_What the task requires_
Within the lines below, the span from the line with "服务于会台前的志愿者,会为每" to the line with "学生代表胡萧,袒露了自己高分", both ends included, is to be reproduced exactly, with pictures omitted.

_Excerpted data_
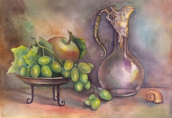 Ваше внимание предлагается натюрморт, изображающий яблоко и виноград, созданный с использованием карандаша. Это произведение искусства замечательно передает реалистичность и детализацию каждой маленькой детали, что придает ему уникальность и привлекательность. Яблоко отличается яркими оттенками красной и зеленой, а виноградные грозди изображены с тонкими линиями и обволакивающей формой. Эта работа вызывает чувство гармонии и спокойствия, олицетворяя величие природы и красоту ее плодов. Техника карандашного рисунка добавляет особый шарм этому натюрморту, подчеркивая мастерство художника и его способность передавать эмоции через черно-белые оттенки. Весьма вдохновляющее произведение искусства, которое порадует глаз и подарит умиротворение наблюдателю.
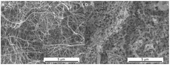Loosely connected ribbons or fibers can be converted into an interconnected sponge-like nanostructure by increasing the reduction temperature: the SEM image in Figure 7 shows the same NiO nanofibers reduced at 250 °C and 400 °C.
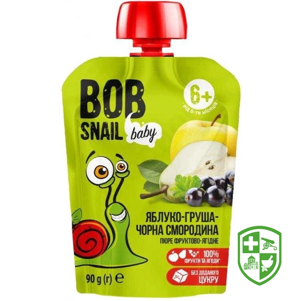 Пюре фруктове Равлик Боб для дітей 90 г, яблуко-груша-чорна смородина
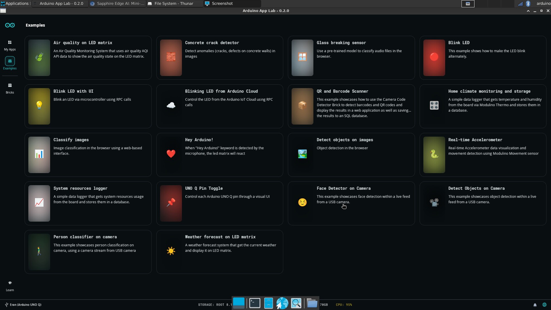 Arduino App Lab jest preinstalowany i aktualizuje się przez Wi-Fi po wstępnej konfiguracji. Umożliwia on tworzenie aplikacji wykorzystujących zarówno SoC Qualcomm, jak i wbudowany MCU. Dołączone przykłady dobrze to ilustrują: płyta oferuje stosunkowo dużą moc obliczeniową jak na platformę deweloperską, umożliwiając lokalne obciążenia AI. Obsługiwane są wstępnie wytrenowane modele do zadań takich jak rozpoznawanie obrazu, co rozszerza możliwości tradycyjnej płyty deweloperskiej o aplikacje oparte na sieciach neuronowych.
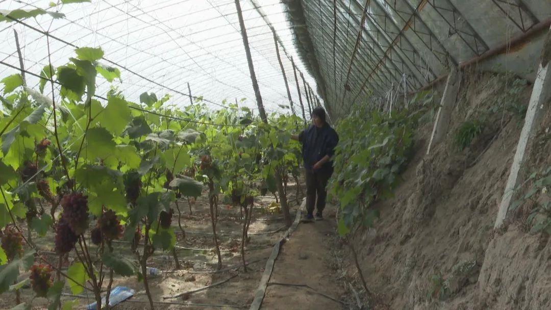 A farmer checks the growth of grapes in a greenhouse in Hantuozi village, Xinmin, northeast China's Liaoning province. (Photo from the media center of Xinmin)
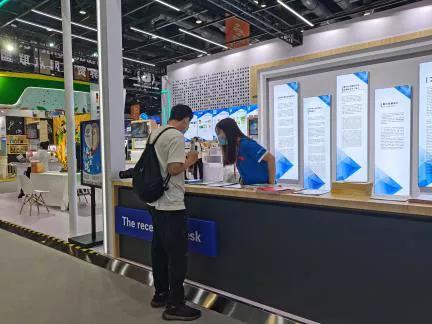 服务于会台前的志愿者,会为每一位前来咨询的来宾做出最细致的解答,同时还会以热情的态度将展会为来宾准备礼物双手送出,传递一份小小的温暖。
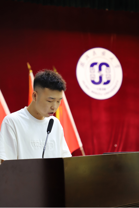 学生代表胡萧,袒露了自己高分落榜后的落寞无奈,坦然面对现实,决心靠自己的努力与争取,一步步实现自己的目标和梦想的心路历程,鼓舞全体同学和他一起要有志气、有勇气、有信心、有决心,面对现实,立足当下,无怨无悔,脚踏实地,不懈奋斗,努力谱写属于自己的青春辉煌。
...
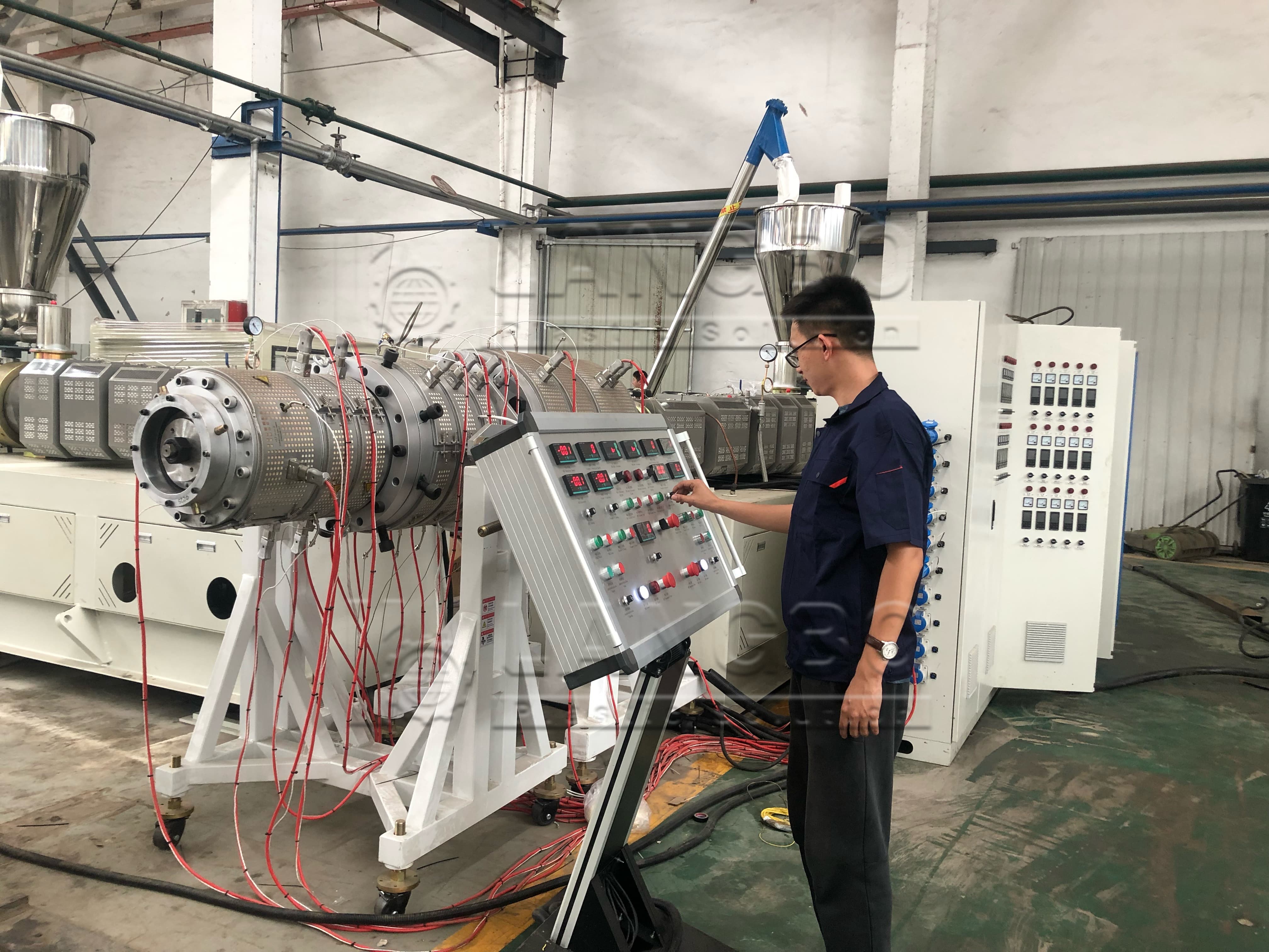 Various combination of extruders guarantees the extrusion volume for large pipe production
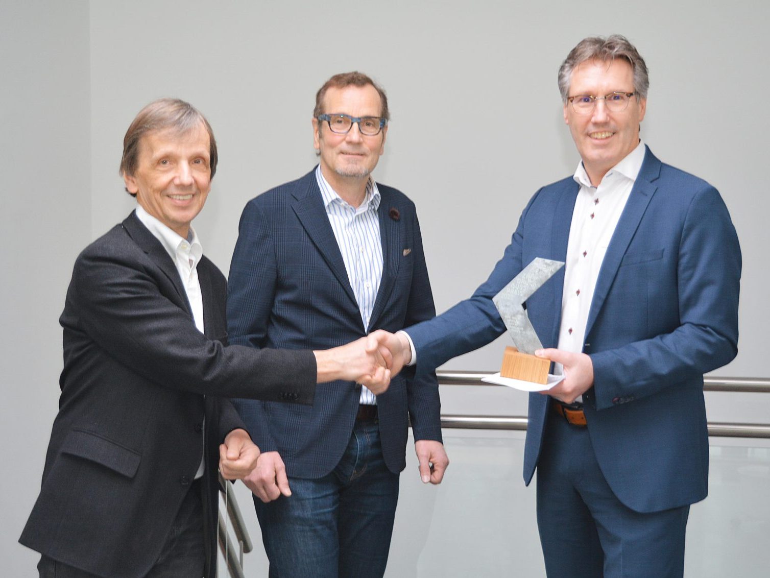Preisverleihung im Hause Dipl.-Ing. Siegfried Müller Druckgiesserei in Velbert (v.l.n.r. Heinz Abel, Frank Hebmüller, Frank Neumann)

_Task output_
 服务于会台前的志愿者,会为每一位前来咨询的来宾做出最细致的解答,同时还会以热情的态度将展会为来宾准备礼物双手送出,传递一份小小的温暖。
 学生代表胡萧,袒露了自己高分落榜后的落寞无奈,坦然面对现实,决心靠自己的努力与争取,一步步实现自己的目标和梦想的心路历程,鼓舞全体同学和他一起要有志气、有勇气、有信心、有决心,面对现实,立足当下,无怨无悔,脚踏实地,不懈奋斗,努力谱写属于自己的青春辉煌。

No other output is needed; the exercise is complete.